Inside/Outside

Monday, November 14, 2016

Alone Again


Cynthia collapses heavily in the chair across from me, as if she doesn’t have the strength to hold herself up. Sadness exudes from her every pore.

“My son told me yesterday he’s not coming for Thanksgiving,” she says, barely holding back tears.

Although I’m not surprised - Cynthia has been disappointed by her son many times before – I do feel badfor her. “I’m so sorry,” I say. “What happened?”

“He said it’s too expensive to bring the whole family.” Pause. “I know it is expensive to travel during the holidays. I wish I could help him, but I’m just not in a position to do so.” Pause. “I wonder if he was waiting for me to offer. But he should know my circumstances. He knows his father left me next to nothing. I’m not even 65. I have to be sure I have money to last my whole life.” Tears run down her cheeks. “I don’t want to spend Thanksgiving alone. It’s supposed to be a family holiday.”

I can feel myself wanting to go into “helper” mode – making suggestions, asking why she has to be
alone.

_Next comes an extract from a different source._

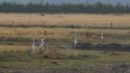 The birds took off and escaped me but as we reached the limit of that direction where a vicious barbed wire fence hinders any further progress, I saw them both on the side of the river bank. Then I saw double, for perhaps 60 or 70 yards in front of me were four herons casually watching the water and thinking about breakfast.

It’s a place I have been many times before with Cynthia, usually ending in frustration for both of us. Her helplessness is hard for me. I want her to do something. She wants someone to do it for her, to take care of her.

“It is hard to be alone for the holidays,” I say, empathically.

“But what should I do?” she asks, crying harder. “What alternative do I have?”

Feeling as though she is unconsciously setting a trap for me I say, “It sounds, Cynthia, that you’re asking me for suggestions, but usually when I make suggestions you reject them, always finding a reason they’re undoable.”

“But there isn’t anything I can do. Paul isn’t coming. I can’t change that. I have no other family here. So I’m alone.”

“Sounds like you’re feeling angry at Paul.”

“Okay, so I’m angry. What does that get me?”

“Sounds like you’re angry with me too.”

“I just don’t see where this is getting me anyplace.”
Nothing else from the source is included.